Now the problems are the following:
q1) Do I need to open a window-frame to be able to do such operation? I am working within MATLAB and calling MEX-C++. By experience I know that as soon as you open a new frame the whole suit crashes miserably!
q2) what's the primitive to give a GLPoint a texture coordinate?
q3) I am not too clear how the render to a texture would be implemented? any reference, tutorial would be awesome...
q4) How would you retrieve this texture from the card? again, any reference, tutorial would be awesome...
I am on a tight schedule, thus, it would be nice if you could point me out the names of the techniques I should learn about, rather to the GLSL specification document and the OpenGL API as somebody has done. Those are a tiny bit too vague answers to my question.
Thanks a lot for any comment.
p.s.
Also notice that I would rather not use any resource like CUDA if possible, thus, getting something which uses
as much OpenGL elements as possible without requiring me to write a new shader.
Note: cross posted at
http://www.opengl.org/discussion_boards/ubbthreads.php?ubb=showflat&Number=245911#Post245911
It's simple:
Let n be the normal of the plane and x be the point.
n_u = n/norm(n) //this is a normal vector of unit length
d = scalarprod(n,x) //this is the distance of the plane to the origin
for each point p_i
d_i = abs(scalarprod(p_i,n) - d) //this is the distance of the point to the plane
Obviously "scalarprod" means "scalar product" and "abs" means "absolute value".
If you wonder why just read the article on scalar products at wikipedia.
Ok first as a little disclaimer: I know nothing about 3D programming.
Now my purely mathematical idea:
Given a plane by a normal N (of unit length) and a distance L of the plane to the center (the point [0/0/0]). The distance of a point X to the plane is given by the scalar product of N and X minus L the distance to the center. Hence you only have to check wether
|n . x - L| <= epsilon
. being the scalar product and | | the absolute value
Of course you have to intersect the plane with the normal first to get the distance L.
Maybe this helps.
I have one question for Andrea Tagliasacchi, Why?

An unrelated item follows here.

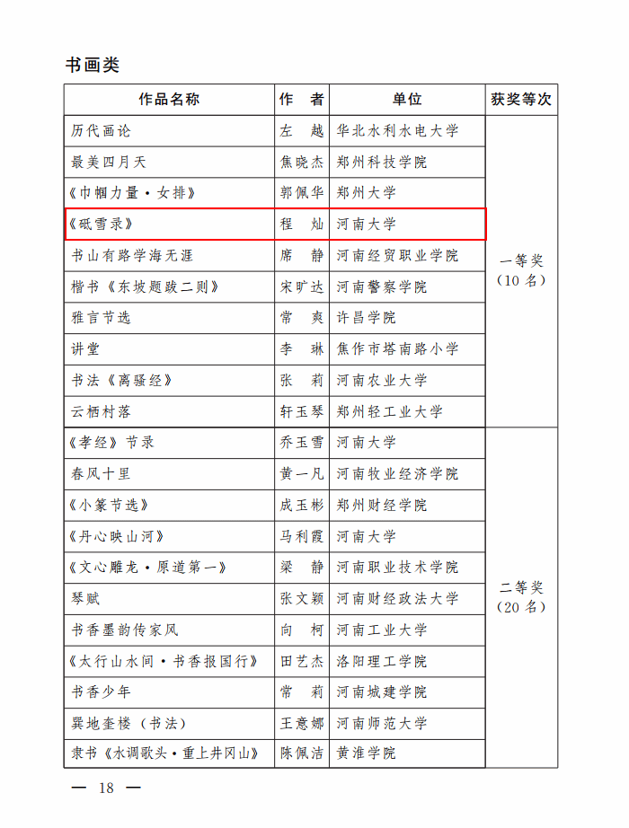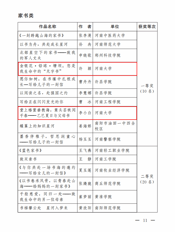第一附属医院栗娟作品《一盏灯,一片肺叶,一条强国路——<平凡的世界>阅读札记与岗位践行》获征文类一等奖;图书馆许颖作品《金银花·铅球·塘坝:您是我生命中的“无字书”》、黄河文明与可持续发展研究中心李小白作品《堂上椿萱垂教诲,案头芸帙阅千春——乙巳夏日与父母书》获家书类一等奖;美术学院程灿作品《砥雪录》获书画类一等奖。

Only if you are looking at 1000s of points and possible 100s of planes, would there would be any benefit from using the method outlined. As apposed to dot producting the point and plane, as outlined my Corporal Touchy.
Also due to the finite nature of pixels you'll often find two or more points will project to the same pixel in the texture.
If you still want to do this, I could work up a sample glut program in C++, but how this would help with MATLAB I don't know, as I'm unfamiliar with it.
IT seems to me you should be able to implement something similar to Corporal Touchy's method a a vertex program rather than in a for loop, right? Maybe use a C API to GPU programming, such as CUDA?